Much like Canada, Mexico has almost all its stations available on satellite and carried on select Mexican cable systems. And just like Canada, Mexican providers can obtain American television stations in their digital package, even if they aren't licensed superstations.

Radio superstations

Radio stations in North America are permitted to uplink to satellite. WSM (AM) got a lot of attention in the 80s as it was delivered via c-band alongside The Nashville Network. Very few stations actually distribute themselves through c-band, as there's not much reason to do so and stations' audio can be dialed in through either ISDN lines, or listened to via an audio stream over the internet (if the station offers such). Ones that do, like WEEI, often do so to feed their station to others which simulcast it. This is the case with several stations in Mexico, as radio in Mexico is very nationalized and most local stations are merely 24-hour-a-day affiliates of a national network.

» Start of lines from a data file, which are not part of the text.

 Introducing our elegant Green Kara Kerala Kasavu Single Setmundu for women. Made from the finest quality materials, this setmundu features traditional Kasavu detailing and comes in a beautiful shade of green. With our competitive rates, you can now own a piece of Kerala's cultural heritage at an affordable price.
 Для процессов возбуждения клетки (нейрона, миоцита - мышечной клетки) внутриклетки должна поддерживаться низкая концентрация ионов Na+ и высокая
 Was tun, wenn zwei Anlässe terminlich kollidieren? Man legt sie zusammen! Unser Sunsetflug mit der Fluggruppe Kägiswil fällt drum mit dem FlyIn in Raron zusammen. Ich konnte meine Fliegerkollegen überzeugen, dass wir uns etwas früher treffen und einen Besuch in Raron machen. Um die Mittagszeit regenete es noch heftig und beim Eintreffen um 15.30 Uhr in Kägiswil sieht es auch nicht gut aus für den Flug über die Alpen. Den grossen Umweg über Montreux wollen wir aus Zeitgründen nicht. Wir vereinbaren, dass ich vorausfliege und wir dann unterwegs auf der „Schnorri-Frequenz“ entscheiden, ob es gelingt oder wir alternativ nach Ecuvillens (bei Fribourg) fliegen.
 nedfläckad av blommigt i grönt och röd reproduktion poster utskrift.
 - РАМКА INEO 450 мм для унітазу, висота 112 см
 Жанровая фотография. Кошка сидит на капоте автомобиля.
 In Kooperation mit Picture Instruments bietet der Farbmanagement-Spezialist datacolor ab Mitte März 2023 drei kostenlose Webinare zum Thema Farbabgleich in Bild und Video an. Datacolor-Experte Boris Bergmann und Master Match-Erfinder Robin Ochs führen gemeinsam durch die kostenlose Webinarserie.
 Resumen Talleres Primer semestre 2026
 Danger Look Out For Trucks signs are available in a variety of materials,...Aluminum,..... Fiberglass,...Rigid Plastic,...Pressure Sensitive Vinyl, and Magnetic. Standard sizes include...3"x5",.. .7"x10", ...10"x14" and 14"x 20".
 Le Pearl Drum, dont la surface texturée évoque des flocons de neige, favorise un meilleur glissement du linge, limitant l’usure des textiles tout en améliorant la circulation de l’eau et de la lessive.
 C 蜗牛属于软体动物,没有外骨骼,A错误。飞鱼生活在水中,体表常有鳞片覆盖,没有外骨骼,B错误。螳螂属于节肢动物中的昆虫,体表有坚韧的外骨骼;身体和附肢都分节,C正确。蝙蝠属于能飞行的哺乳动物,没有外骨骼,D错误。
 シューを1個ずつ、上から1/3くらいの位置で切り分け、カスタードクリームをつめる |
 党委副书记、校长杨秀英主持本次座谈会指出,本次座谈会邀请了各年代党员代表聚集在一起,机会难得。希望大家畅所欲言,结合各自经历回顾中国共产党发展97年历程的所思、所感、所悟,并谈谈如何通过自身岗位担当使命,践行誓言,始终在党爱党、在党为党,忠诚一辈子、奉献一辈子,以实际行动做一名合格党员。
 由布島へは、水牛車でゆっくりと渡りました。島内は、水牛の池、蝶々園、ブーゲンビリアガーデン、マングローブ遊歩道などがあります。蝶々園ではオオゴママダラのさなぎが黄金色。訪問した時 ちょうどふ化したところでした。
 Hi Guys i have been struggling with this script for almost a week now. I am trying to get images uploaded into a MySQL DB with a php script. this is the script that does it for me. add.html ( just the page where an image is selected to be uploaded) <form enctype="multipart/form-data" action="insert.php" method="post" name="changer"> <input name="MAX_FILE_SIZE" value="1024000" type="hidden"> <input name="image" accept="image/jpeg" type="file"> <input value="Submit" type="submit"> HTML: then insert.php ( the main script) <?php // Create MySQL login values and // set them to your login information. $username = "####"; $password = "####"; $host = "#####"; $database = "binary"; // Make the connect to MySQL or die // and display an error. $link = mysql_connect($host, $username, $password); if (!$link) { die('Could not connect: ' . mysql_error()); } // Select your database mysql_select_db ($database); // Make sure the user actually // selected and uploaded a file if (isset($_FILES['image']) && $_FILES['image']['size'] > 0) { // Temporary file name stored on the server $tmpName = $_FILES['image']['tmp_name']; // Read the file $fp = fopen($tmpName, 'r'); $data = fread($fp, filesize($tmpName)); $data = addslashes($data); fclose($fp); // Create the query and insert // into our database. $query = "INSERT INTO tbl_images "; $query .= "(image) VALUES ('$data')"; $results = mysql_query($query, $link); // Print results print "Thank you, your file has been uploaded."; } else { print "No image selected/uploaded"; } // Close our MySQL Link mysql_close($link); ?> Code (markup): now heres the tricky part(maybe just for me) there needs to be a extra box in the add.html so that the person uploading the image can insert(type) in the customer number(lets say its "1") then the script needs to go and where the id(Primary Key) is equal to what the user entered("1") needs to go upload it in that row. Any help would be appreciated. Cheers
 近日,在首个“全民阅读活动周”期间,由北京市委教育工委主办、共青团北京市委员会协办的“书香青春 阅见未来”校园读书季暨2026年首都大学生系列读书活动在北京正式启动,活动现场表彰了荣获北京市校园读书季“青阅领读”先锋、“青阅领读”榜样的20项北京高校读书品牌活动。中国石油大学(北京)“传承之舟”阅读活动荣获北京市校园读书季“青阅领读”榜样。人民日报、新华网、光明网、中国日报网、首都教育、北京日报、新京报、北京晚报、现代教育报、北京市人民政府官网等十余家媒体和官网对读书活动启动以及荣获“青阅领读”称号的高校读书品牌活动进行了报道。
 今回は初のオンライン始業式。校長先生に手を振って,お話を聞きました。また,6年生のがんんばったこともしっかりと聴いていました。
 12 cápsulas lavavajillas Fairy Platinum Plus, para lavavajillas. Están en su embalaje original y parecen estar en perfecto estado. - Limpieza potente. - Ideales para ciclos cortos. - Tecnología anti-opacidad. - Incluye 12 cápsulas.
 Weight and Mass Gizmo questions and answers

Some local radio stations are, or have been distributed on satellite radio throughout the United States, and Canada in select cases. Stations once distributed on satellite radio include WLTW New York (XM), KHMX Houston (XM), KIIS-FM Los Angeles (XM), KNEW San Francisco (XM), WTKS-FM Orlando (XM), WLW Cincinnati (XM), WSIX-FM Nashville (XM), and WSM Nashville (Sirius). XM, in particular, used superstations owned by Clear Channel Communications for much of its early programming, and still had two superstations from Clear Channel as recently as late 2008 (talk-radio WLW and country music WSIX); both of those have been dropped as of March 2009.

Only two stations, both of them specialty stations, are currently distributed on satellite radio; these are WBBR New York (Bloomberg Radio) and WCSP-FM Washington DC (C-SPAN Radio). Another station is syndicated nationwide through terrestrial radio stations, KPIG-FM Freedom CA, distributed by Dial Global; WBBR is distributed in a similar fashion by United Stations Radio Networks.

CBS Radio has begun using HD Radio technology to introduce its major market stations to other markets. For instance, KFRG San Bernadino is carried on KTWV-HD3 Los Angeles, KSCF San Diego is heard on KAMP-HD2 Los Angeles, WBZ-FM Boston is heard on WTIC-HD3 Hartford, KROQ Los Angeles is heard on KSCF-HD2 San Diego and an as of yet to be determined affiliate in New York City (likely current K-Rock WXRK-HD2), and WFAN New York is simulcast on three affiliates in Florida (WOCL-HD3 Orlando, WLLD-HD3 Tampa Bay, and WEAT-HD3 West Palm Beach).[1]

In many of these cases where stations are distributed outside of their market area, some concessions are made, such as the original local advertising being replaced with either national advertising or a bed of production music which plays over commercial breaks. Also in the example of WFAN, that station's play-by-play coverage of the Mets, Giants, Devils and Nets is not carried on the Florida HD Radio affiliates and replaced with alternate programming, as the station only has rights to broadcast the programming in the New York metro area.